Your code parses the arguments, executes the function, and makes a second API request. This request appends two new messages to the conversation: (1) the assistant's message containing the tool_calls (exactly as the API returned it), and (2) a message with role: "tool", the tool_call_id linking it to the original request, and the function's return value as content. The LLM receives this updated conversation and generates its next response — which might be a text reply to the user, or another tool call.
The tool_call_id is critical. When the LLM requests multiple tools in parallel (which both OpenAI and Anthropic support), you need to match each result to the correct request. Without the ID, the LLM would not know which result belongs to which call. This is also why the assistant message with tool_calls must be included verbatim — the API uses it to maintain conversation coherence.
The dispatch pattern
Once you understand the API mechanics, the implementation pattern is almost anticlimactic. Tool dispatch is a dictionary lookup: tools[name](**args). You define your functions in a Python dict, look up by the name the LLM returned, and call the function with the arguments the LLM provided. Three lines of code.

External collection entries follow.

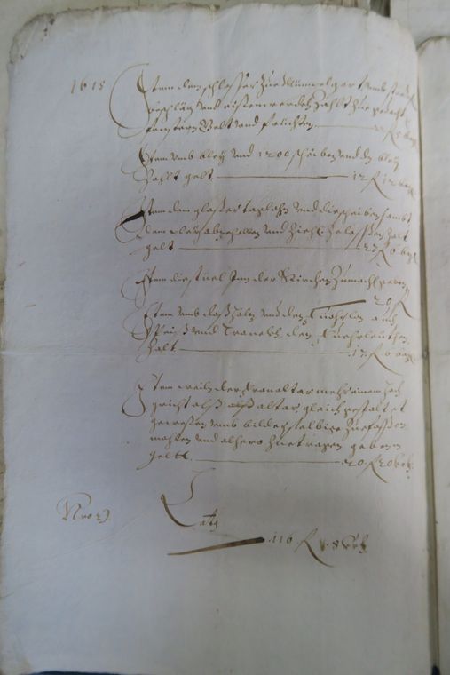 | Item umb 200 fensterscheiben zalt ............... | Item pour 200 carreaux de fenêtres, payé ......... | 1 f 3 kr |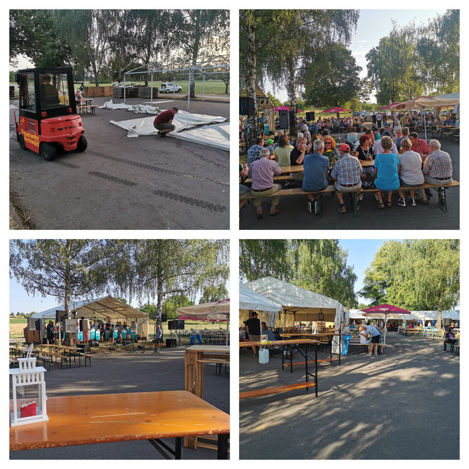 Donnerstagmorgen und der Aufbau beginnt. Es sind reichlich helfende Hände da und so steht erst das eine Zelt, dann das andere und auch die Bar ist äußerlich schon Einsatzbereit.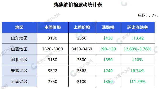 下游偏弱運(yùn)行,煤焦油低價(jià)再刷新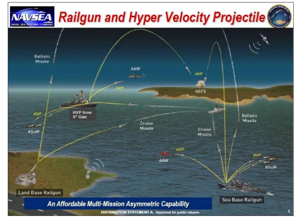 Versions of the dart-shaped precision-guided BAE HVP round have been test-fired from Navy five-inch naval deck guns and 155mm howitzers in the past. The HVP developed for use in the railgun was also a kinetic projectile designed to destroy targets through the sheer force impact after reaching a reported peak speed of 5,600 miles per hour, but the other types were expected to have high-explosive warheads. The Navy previously said that the HVP would have a maximum range of around 17 or 40 nautical miles when fired from a towed 155mm M777 howitzer or five-inch Mk 45 gun respectively.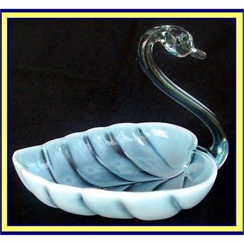Cased glass bowl in the form of a swan, the body in the form of a rounded leaf. Dates to mid 20th century.<BR>Measures 6 1/4inches high. Width a little over 7 3/4inches.<BR>Clear handblown glass forms the graceful neck and head.<BR>The body in the form of a rounded leaf, the veins revealing the clear glass and the rest a blueish-white.<BR>Mint condition.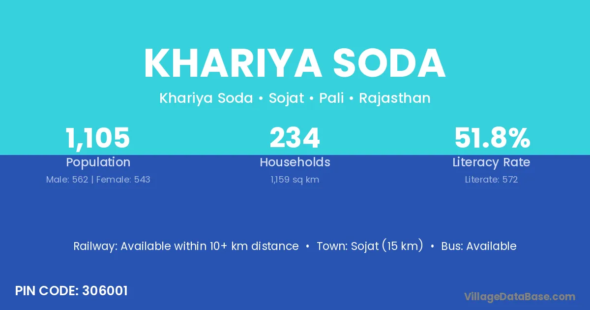 Sojat (15 km) is the nearest town to Khariya Soda village for major economic activities and is located approximately 15 km away.

This is the same pattern as an Express.js router mapping paths to handlers, a Redux reducer mapping action types to state transitions, or a command dispatcher mapping command names to handler functions. It is one of the oldest patterns in software engineering. LangChain's @tool decorator builds this dict for you. CrewAI's tool registration does the same thing. AutoGen's function map is the same thing. They all resolve to a dictionary of name-to-function mappings.

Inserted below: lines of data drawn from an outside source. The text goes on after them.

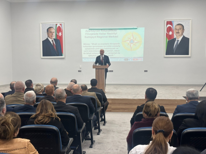 Sonra Sumqayıt Regional Mərkəzinin rəisi polkovnik Vaqif Fətullayev keçirilən müşavirənin əhəmiyyətindən danışıb, mülki müdafiə işinin təşkili ilə bağlı birgə fəaliyyətin vacibliyini vurğulayıb.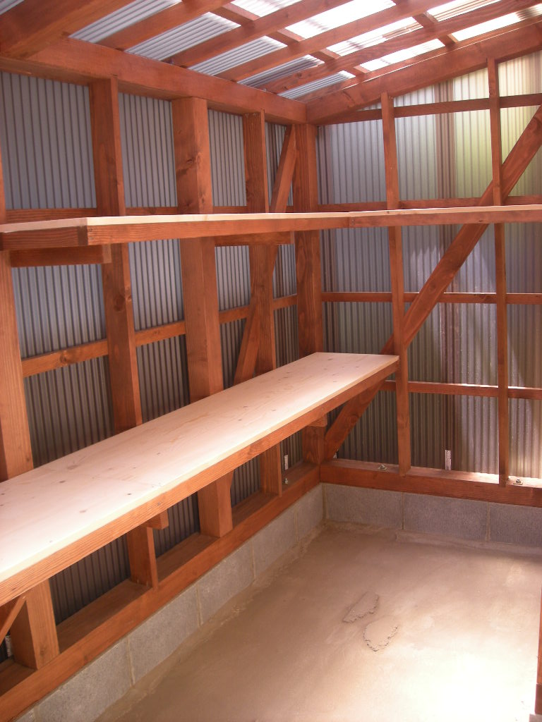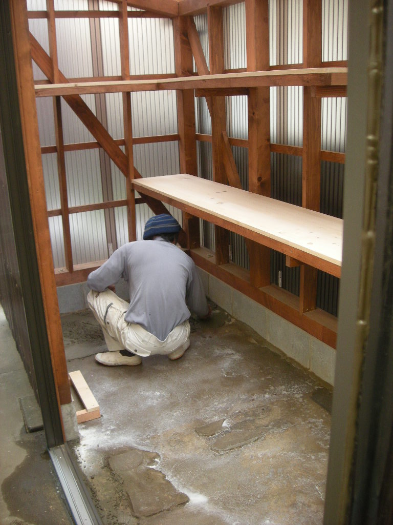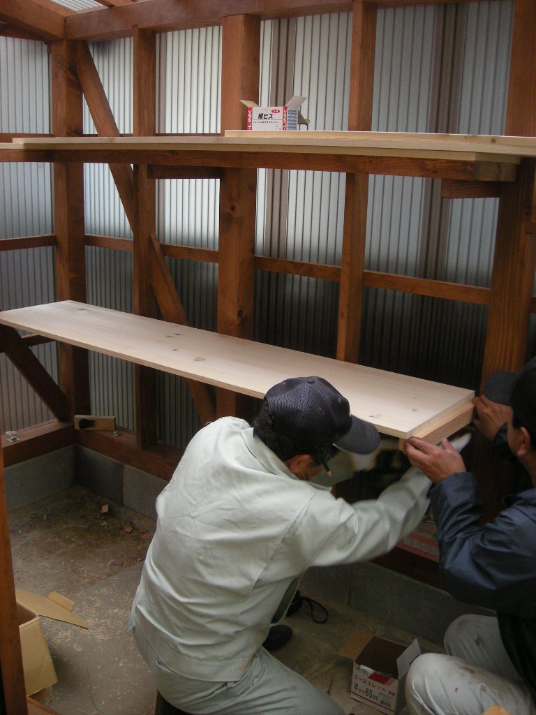 後ろに2段(上‥出巾300、下‥出巾400、側面…1段<出巾300)の棚の完成です!!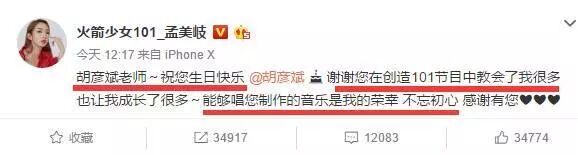 而从今天孟美岐给胡彦斌的祝福文字来看,与其说是给生日祝福,更不如说是向胡彦斌老师邀歌,她说能够唱到胡老师制作的音乐是她的荣幸。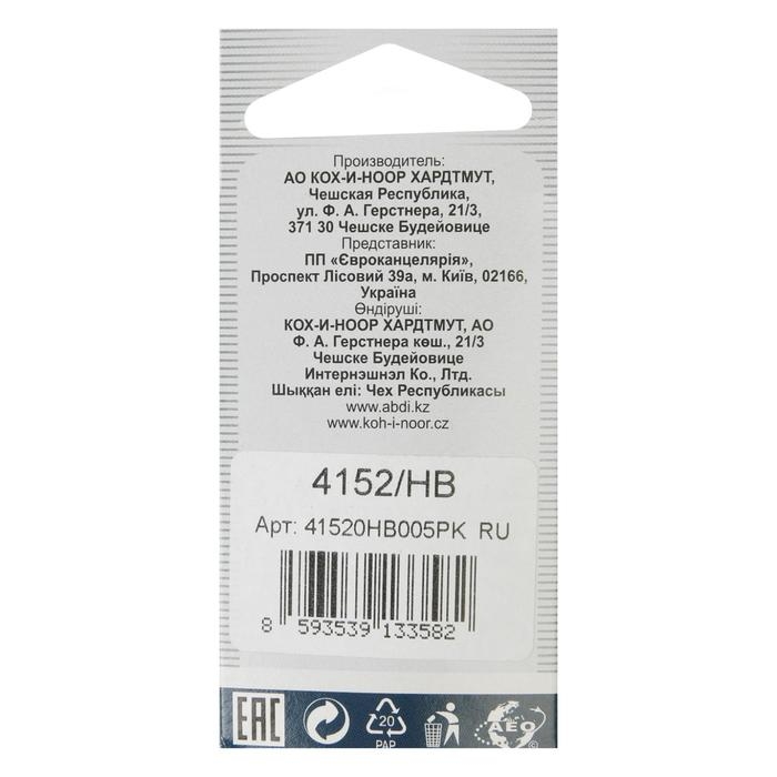Грифели для механических карандашей 0.5 мм, Koh-I-Noor 4152 HB, 12 штук, в футляре

The practical implication: you do not need a framework to do tool dispatch. A plain Python dict is sufficient for most use cases. Where frameworks add value is in the surrounding infrastructure — argument validation, error handling, retry logic, and observability. But the core dispatch? It is a dict lookup. Knowing this helps you evaluate whether a framework's tool abstraction is giving you something you need, or wrapping something trivial in unnecessary complexity. If your agent has three tools, a dict is fine. If it has thirty tools with complex validation rules and shared state, a framework's tool registry might earn its keep.
Multi-step tool use
The real power of tool calling is not a single function invocation — it is the loop. The LLM calls a tool, sees the result, reasons about it, and decides whether to call another tool or respond to the user. This is the agent loop: a while loop that runs until the LLM stops requesting tools.
Consider a concrete example. A user asks "What is the weather in Tokyo and New York?" The LLM sees it has a get_weather tool. It emits two parallel tool calls: get_weather(city="Tokyo") and get_weather(city="New York"). Your code executes both, sends the results back. The LLM sees both results and composes a natural language response comparing the two cities. Three API round-trips: the initial request, the tool results, and the final response.

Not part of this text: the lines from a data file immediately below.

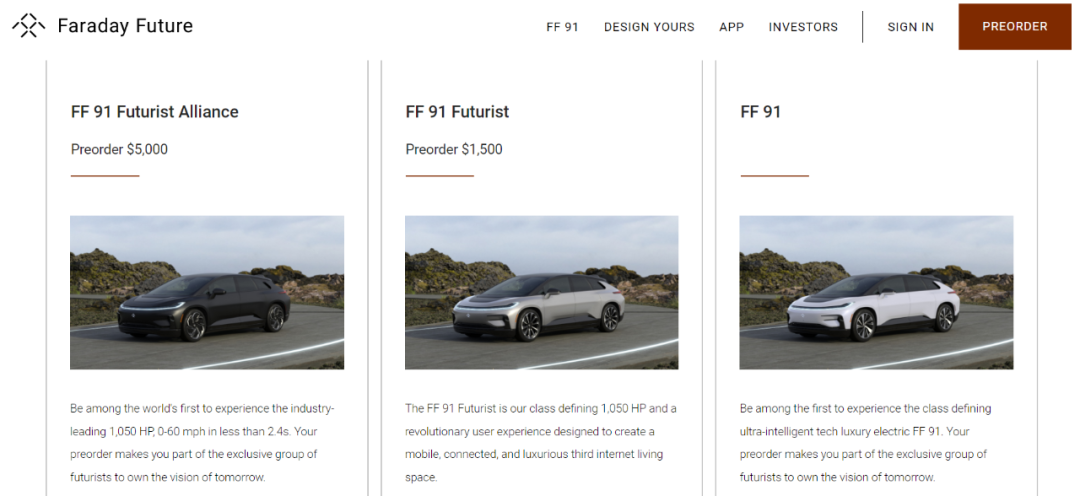 也就是說,雖然FF現(xiàn)在已在其官網(wǎng)上對FF 91開啟預(yù)定,但最后能花200多萬元為其買單的消費(fèi)者或許并沒有多少。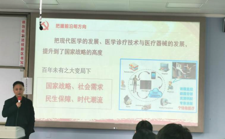 “空谈误国,实干兴邦。”作为新时代的“奋斗者”,只有脚踏实地地去做,才能使国家富强、社会安康。尹光福教授要求同学们始终把个人理想与国家前途、民族命运紧紧相连,把个人向往与追求同社会需求、人民利益相结合,使奋斗更具价值。结合到生物医学工程学科的学习,尹光福教授指出,在百年未有之大变局下,现代医学的发展、医学诊疗技术与医疗器械的发展已提升到了国家战略的高度,而这正是我们生物医学工程学科不可推卸的责任。他强调,我们是诊疗技术发展、医疗装备创新的主体与中坚力量,正面临着巨大的发展机遇,也面临着严峻的挑战。同学们需要具备广博的知识与超群的能力、把握正确的前沿方向,追求卓越、不断努力,才能不坠青云之志,借力扶摇直上。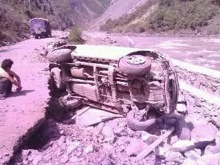我們從夾壁鄉衛生院巡查完趕去另一個工地,兩個工地之間有一段未完工的317國道路基。受地震影響,道路遭受嚴重的破壞,兩邊山上時有滾石掉下。車在顛簸、搖晃中緩慢行駛,突然,前面從山上滾下一根木頭橫在車前,瞬間車子跳起來,劇烈搖晃。我下意識抱住了頭,身體在車內左右撞擊,周圍的東西在搖晃,車在旋轉,十幾秒鐘以后,一切戛然停止。附近的工友們跑過來拉我們出去,從車子里出來后,我們發現側翻車輛離河邊只有兩米!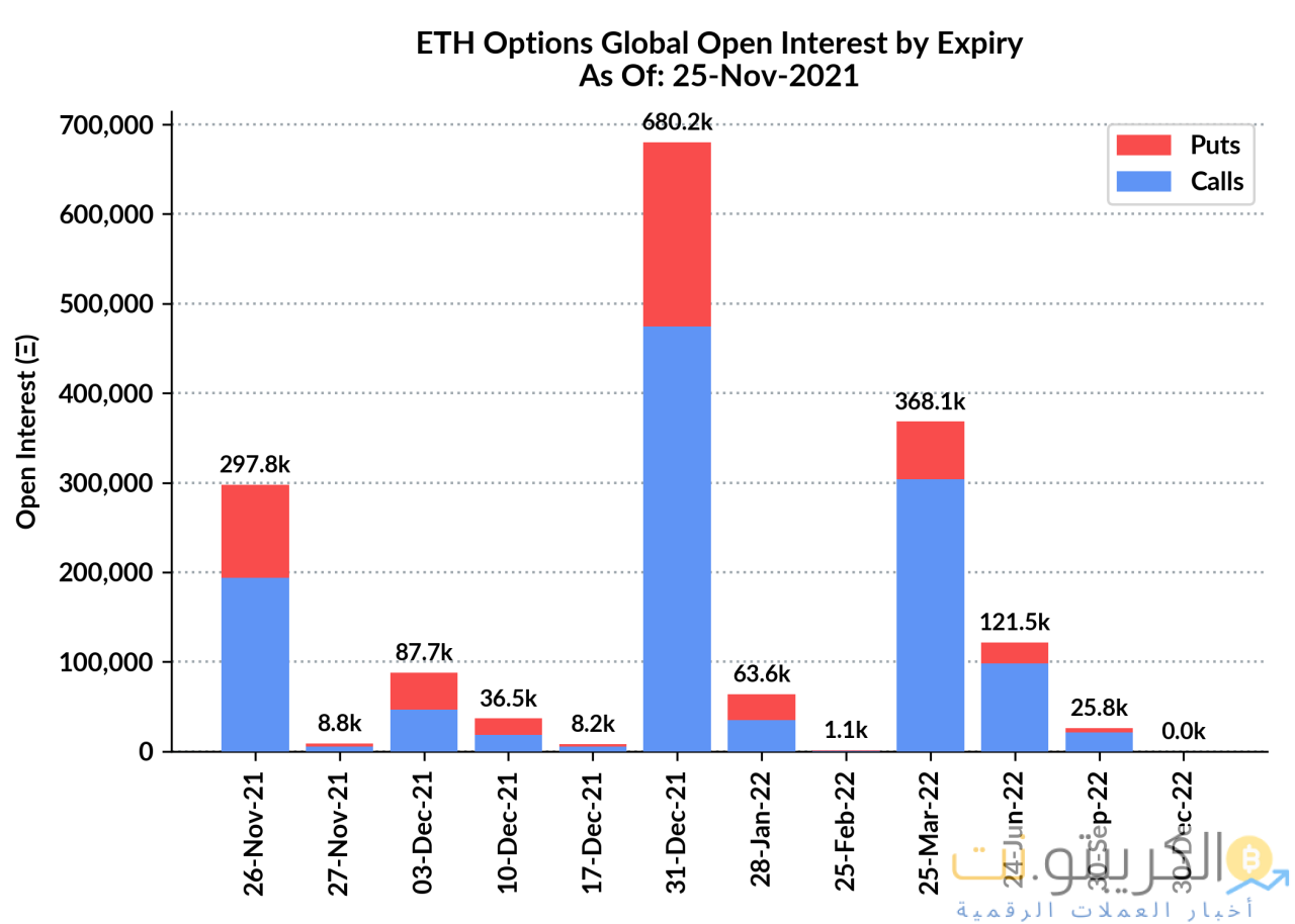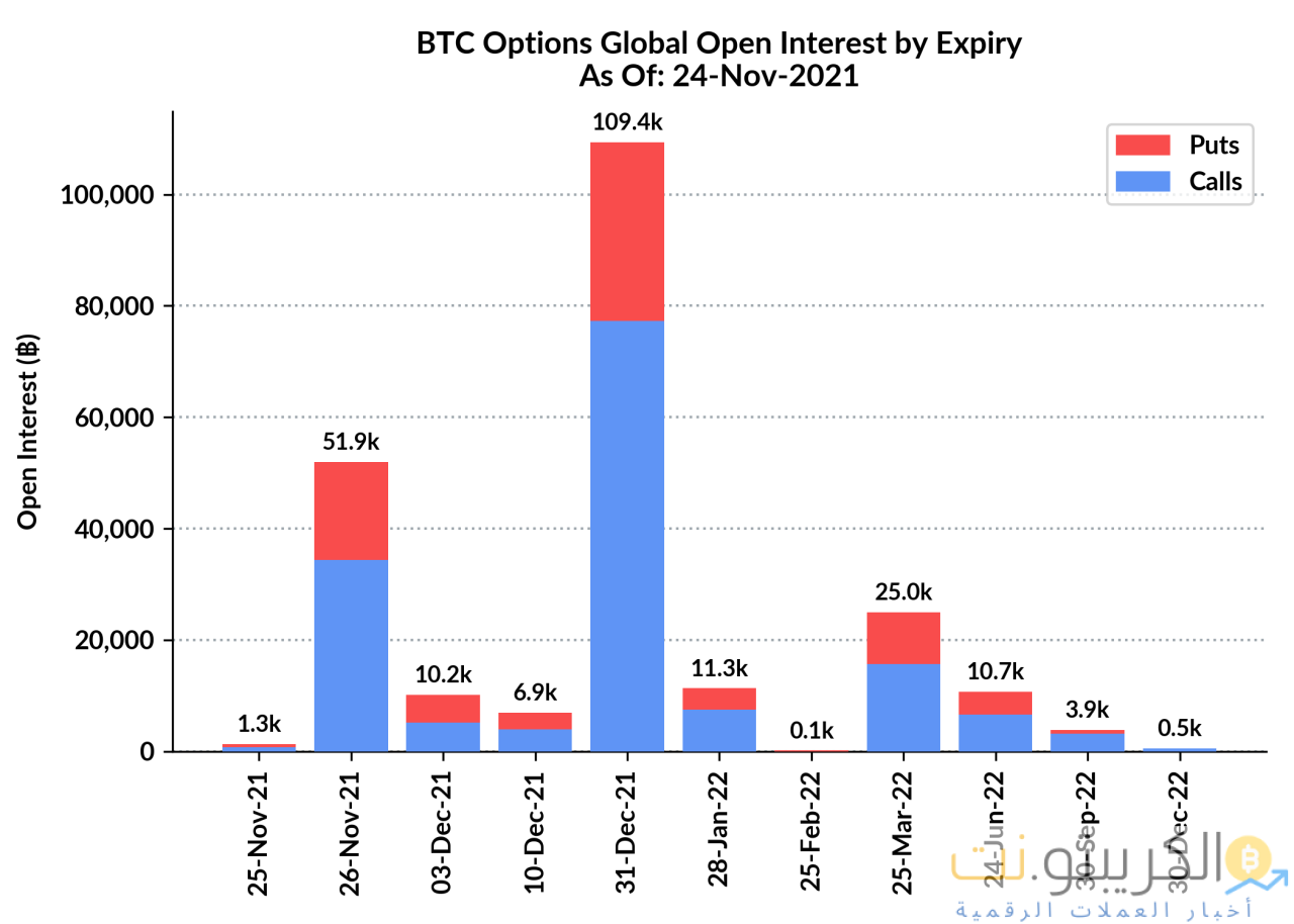 وفقًا لبيانات من Skew ، ستدخل أكثر من 51.9 ألف بيتكوين في انتهاء صلاحية العقد بعد 26 نوفمبر. وبالمثل ، بالنسبة إلى Ethereum ، تنتهي خيارات 297.8k من ETH نحو التنفيذ ، وكان اللغز الرئيسي شائعًا. كان لكل من خيارات Bitcoin و Ethereum أغلبية في عمليات شراء المكالمات مما يعني أنه سيكون هناك عدد أكبر من العقود التي تتعرض للخسائر.

Now consider a more complex case. A user asks "Find the cheapest flight from SFO to NRT next Tuesday." The LLM calls search_flights, gets a list of options, calls get_flight_details on the cheapest one, sees the result has a layover, calls get_layover_info, and finally responds with a complete summary. Each step depends on the previous result. The LLM is driving the control flow, but your code executes every step. Claude searching your codebase works exactly this way — search, read a file, search again, read another file, synthesize. The loop is the agent. Everything else is plumbing.